Есть бриллиант в подлунном мире.
А фианит? Всегда потом.
2002
***
Подземные дороги тайных чувств,
найдете вы в нехоженых глубинах,
и в них прогон просторный тих и пуст,
и весь заполнен, если вы любимы.
Наземная дорога как печаль,
уводит вас по грусти как по рельсам,
где будет остановка, там причал.
Зачем грустить? В слезах дождливых ели.
Морские волны укачают вас,
и ветер освежит воспоминания,
в бассейне вы проверите свой брасс.
Мечты, мечты о чуде заклинания.
И взлет мечты не избежать вовек,
она бежит, бежит и поднимаясь,
взлетает и качается у век,
пройдет сквозь мысли, нежно приземляясь.
2002
***
Он – сын полковника с Урала,
красивый парень был высок.
Считала я его за брата,
мы пили с ним березы сок.
Она – все корни гор Алтайских,
миндалевидные глаза,
учебы путь прошла недальний,
там, где из башенок леса.
Конечно, горы Воробьевы
их повенчали в добрый час.
Он был Адам, она лишь Ева,
а где же яблоко? Сейчас.
Когда учеба завершилась
их было трое. И так что?
Их ждали умные вершины.
Надолго нет? Их путь хорош.
И вот однажды он заметил,
соседи были с ними мы,
с Урала – Я, а эту мету
с души и облика не смыть.
И Он вскипел, как будто гейзер,
и, прокусил мою губу.
Уехал в Штаты, знания, кейсы,
но через Обскую губу.
4 февраля 2002
***
Привет, Олень! Я вновь с тобою,
твой голос слышу, радость в нем.
Ты уезжаешь? Жаль, что боле
не загорят глаза огнем.
Так я ошиблась? Завтра дома?
Вот это да! Нет в горле кома!
Надежда светится от счастья,
я веру в сердце обрела.
Любовь нас ждет не очень часто,
нас ждет суббота, не среда.
Прекрасный день: февраль, день снежный.
О, милый мой, с кем нынче, нежный?
«Оленем» прозван был ты другом,
ведь от супруги ты ушел.
А с другом ты ходил по кругу,
и пил свой яблочный крюшон.
Привет, Олень! Ты мне не нужен.
Понятно мне, что все прошло,
ты был моим пассивным мужем.
Тебя забыла, есть за что.
Однако, помню – был медведем,
пыхтел, ревел, умел любить.
Но все ушло с осеннем светом,
Тебе осталось водку пить.
22 февраля 2002
Соломенное солнце
Соломенное солнце лежало на столе,
соломенное сердце спокойно в феврале.
Соломенные мысли нашли в душе уют,
соломенная дама мужчине не приют.
Она весьма капризна в течение жизни, дня,
прокручивает годы. Судьба не для меня.
Мой разговор с мужчиной и краток, и жесток,
а два, четыре слова прервали слов поток.
Рычаг попал под палец и прерван разговор.
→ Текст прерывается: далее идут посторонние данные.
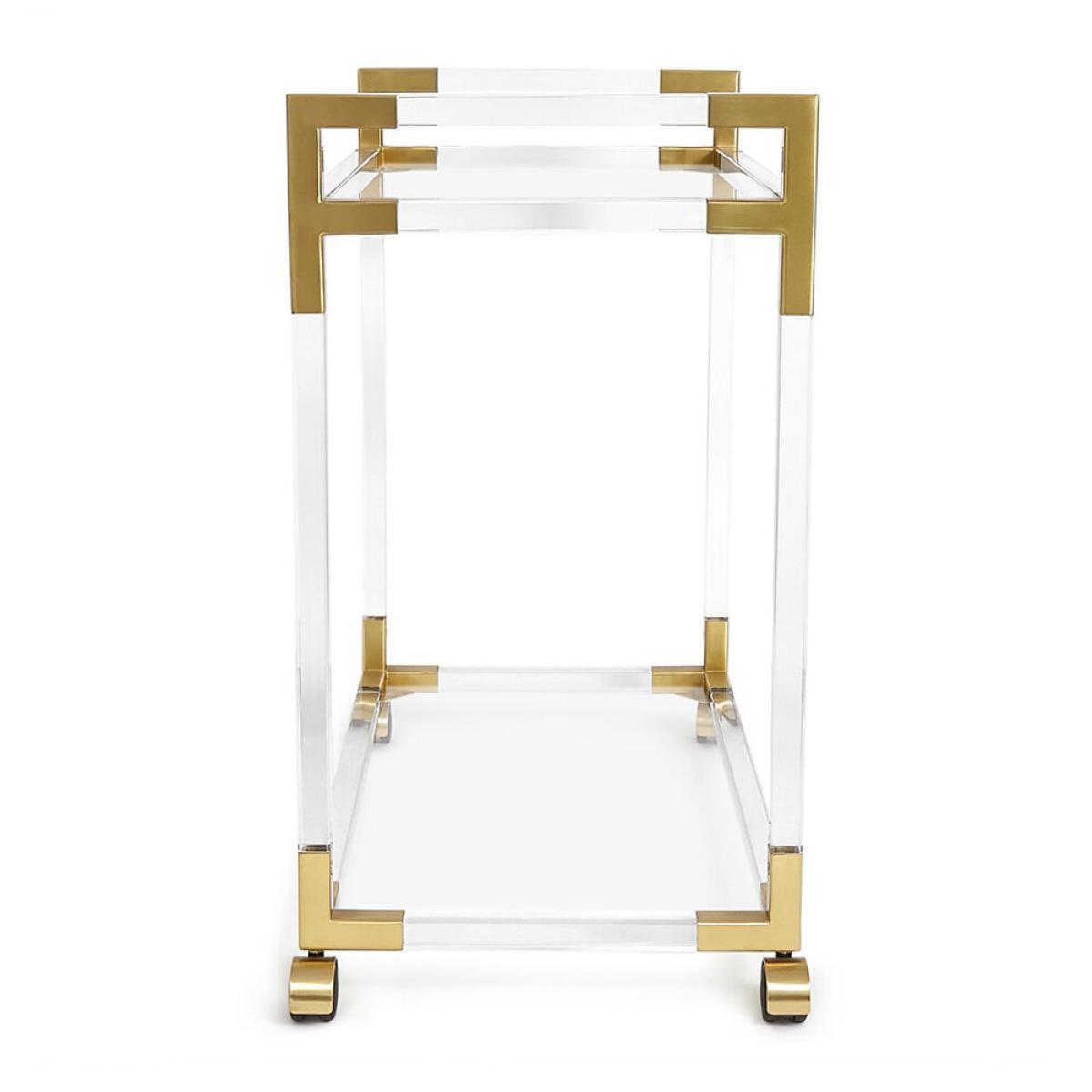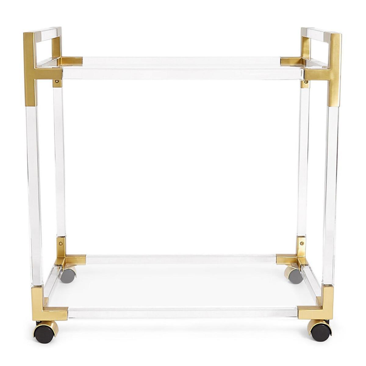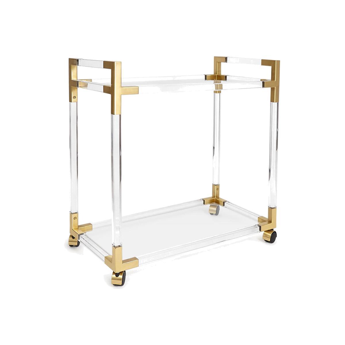 Bring the party home with this Jacques bar cart from Jonathan Adler. Featuring a crystal-clear acrylic frame with contrasting brass details, it is finished with two tempered glass shelves perfect for keeping your favourite tipples close to hand.

Спокойствие, печали всегда до неких пор.
Задвинута меж нами соломенная дверь.
Соломенная крыша не едет к нам теперь.
Соломы стог когда-то был первым страшным сном:
набросился мужчина, но я была не гном.
Дрались мы жестко, классно, итогом был синяк,
синяк ему под глазом – защита от атак.
Однажды, как-то с группой мы забрались в стога,
в соломе не торчали ни руки, ни нога.
Под утро все проснулись: смотрели кто и где?
Солома разбежалась, колола всех везде.
Теперь летит спокойно соломенная жизнь,
от шалости и горя мне шепчет: «Воздержись».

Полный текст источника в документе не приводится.